→ **TASK ITEM**: Once the line with "Jupiter and Callisto" is reached, output it and every line after it, exactly, through the end of the records below. Pictures are skipped.
[[ GIVEN DATA, beginning ]]
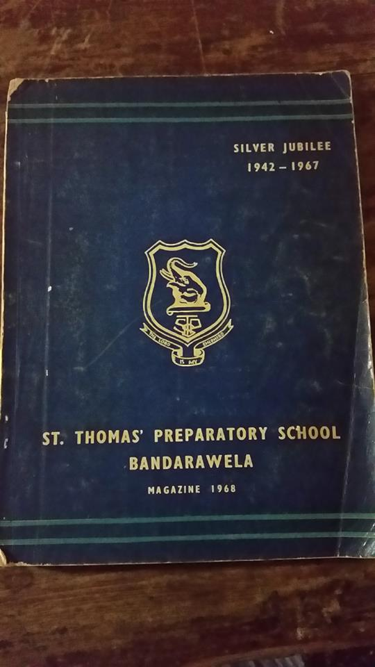 S. Thomas' Preparatory School, Bandarawela, College Magazine 168
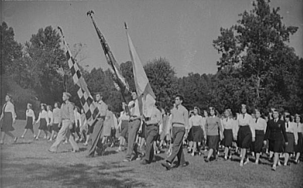 Montgomery Blair High school Victory Corps. Members of the Victory Corps exhibited their best formations before Army, Navy, and civilian officials in Silver Spring, Maryland. The girls being reviewed are students of Montgomery Blair High School.
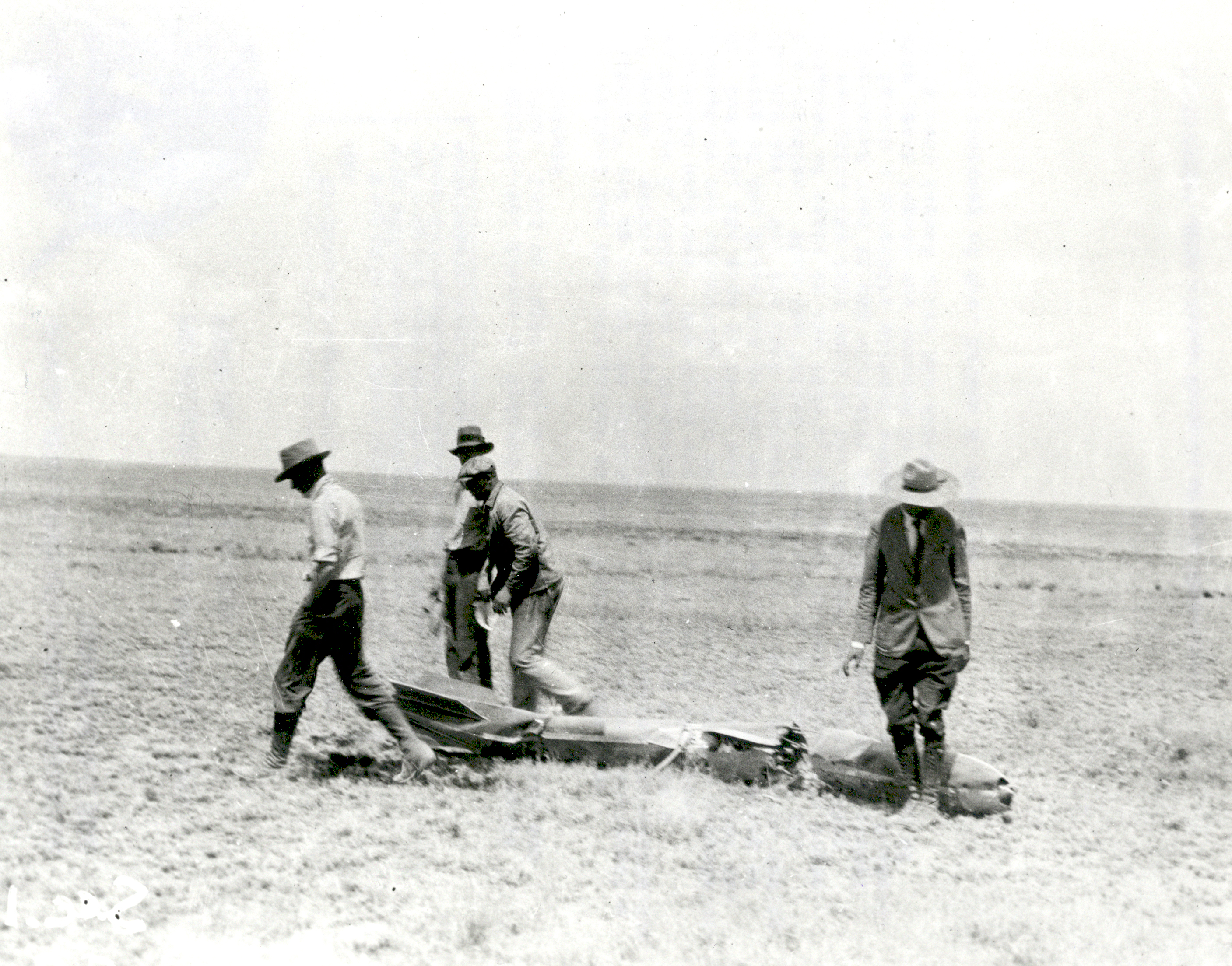 Dr. Robert H. Goddard's rocket after flight in New Mexico on April 19, 1932. Those carrying the rocket are (left to right): Nils Ljungquist, machinist; most likely Charles Mansur, welder; Goddard's brother-in-law and machinist Albert Kisk; and Goddard. The rocket had new guiding vanes controlled by a gyroscope which helped stabilization. In 1930, with a grant from the Guggenheim Foundation, Goddard and his crew moved from Massachusetts to Roswell, New Mexico, to conduct research and perform test flights away from the public eye. This rocket was one of many that he launched in Roswell from 1930-1932 and from 1934-1941. Dr. Goddard has been recognized as the father of American rocketry and as one of the pioneers in the theoretical exploration of space. His dream was the conquest of the upper atmosphere and ultimately space through the use of rocket propulsion. When the United States began to prepare for the conquest of space in the 1950's, American rocket scientists began to recognize the debt owed to the New England professor. They discovered that it was virtually impossible to construct a rocket or launch a satellite without acknowledging the work of Dr. Goddard.
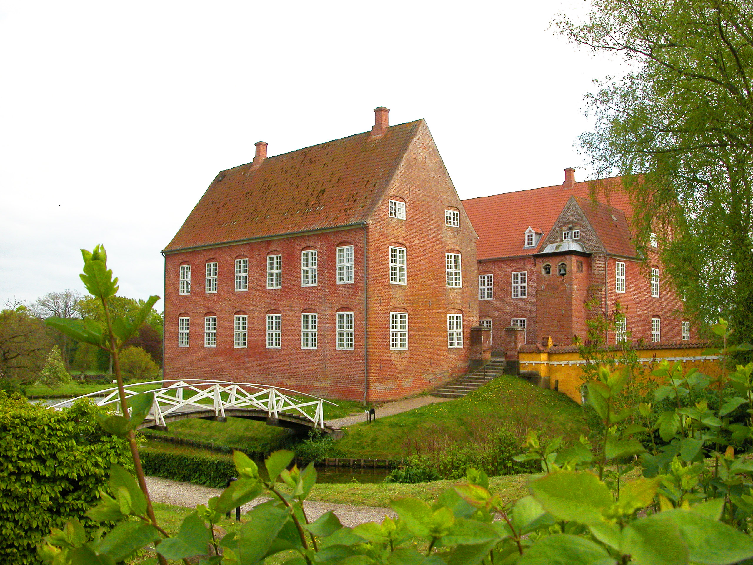 Stovring Monastary
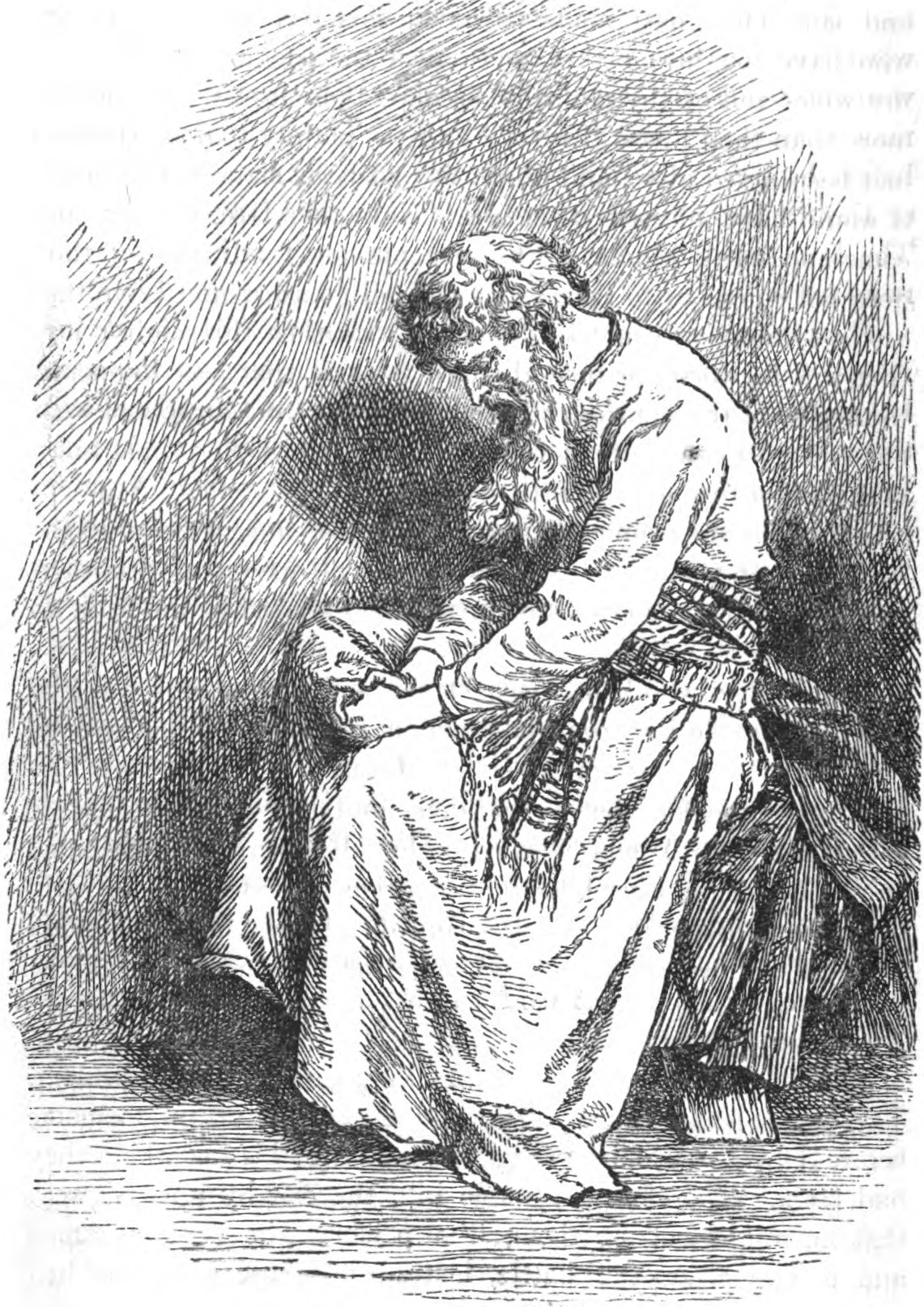 David mourning for Absalom.
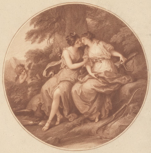 Jupiter and Callisto Engraving by Thomas Burke (1749−1815).
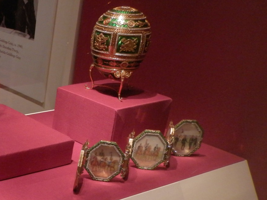 Danish Palaces, Caucasus and Napoleonic: Fabergé eggs at Metropolitan Museum
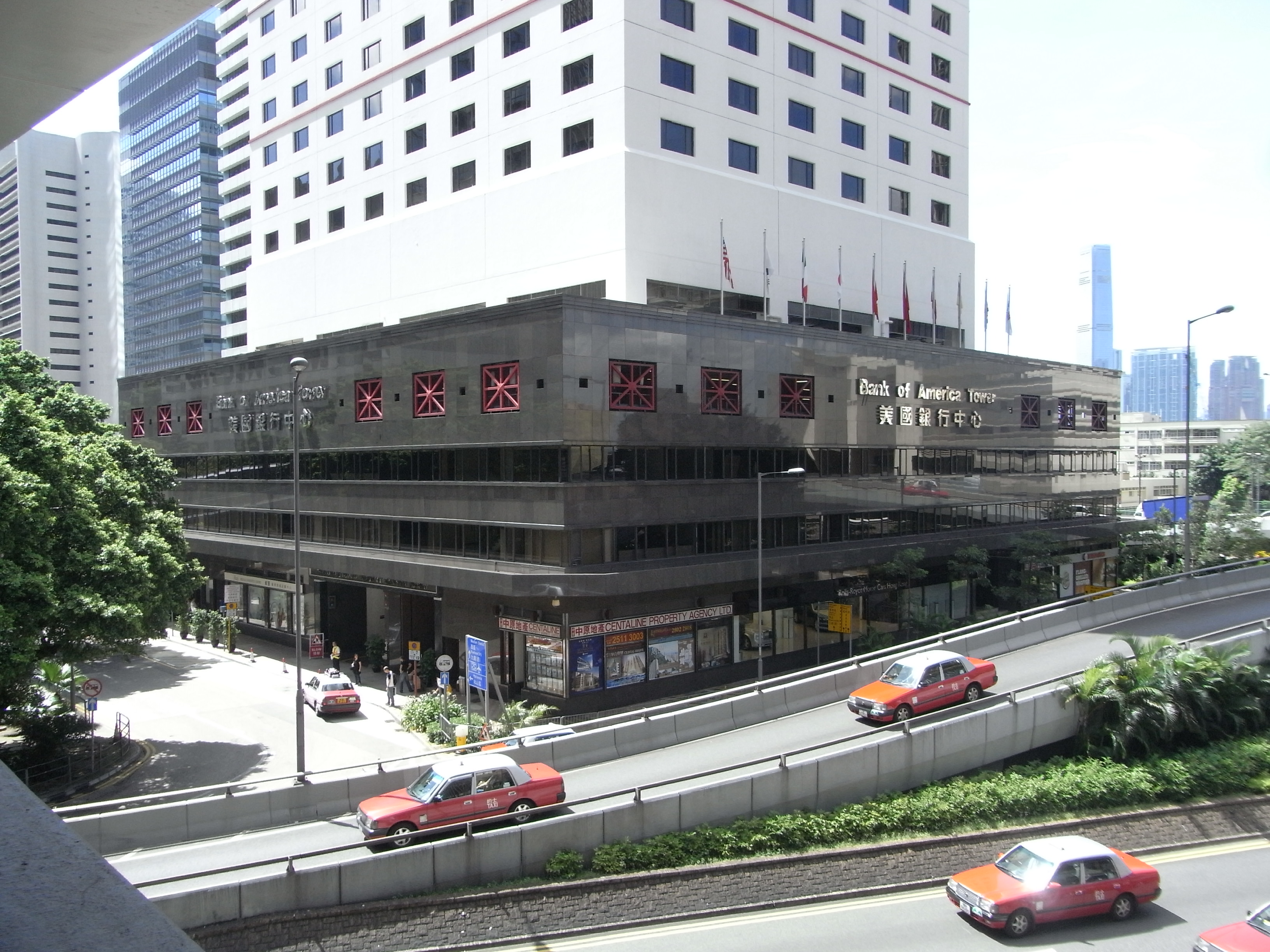 金鐘2010年7月 紅棉路 美國銀行中心 (香港)
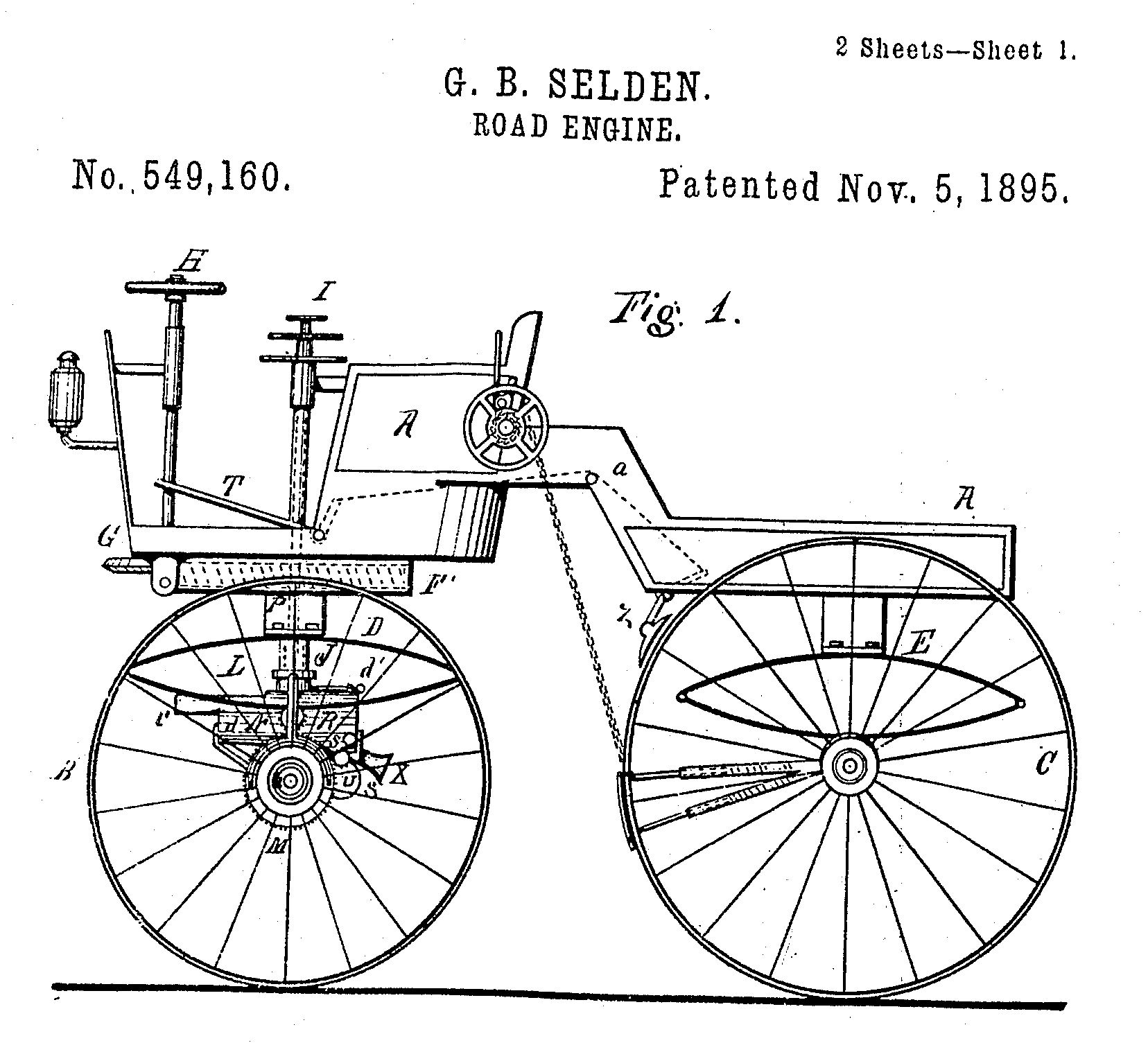 George B. Selden Road engine patent drawing, 1879. Patentr was granted, No 549,160, 4 November, 1895.
[[ GIVEN DATA, end ]]
→ **ANSWER TO THIS TASK**:
 Jupiter and Callisto Engraving by Thomas Burke (1749−1815).
 Danish Palaces, Caucasus and Napoleonic: Fabergé eggs at Metropolitan Museum
 金鐘2010年7月 紅棉路 美國銀行中心 (香港)
 George B. Selden Road engine patent drawing, 1879. Patentr was granted, No 549,160, 4 November, 1895.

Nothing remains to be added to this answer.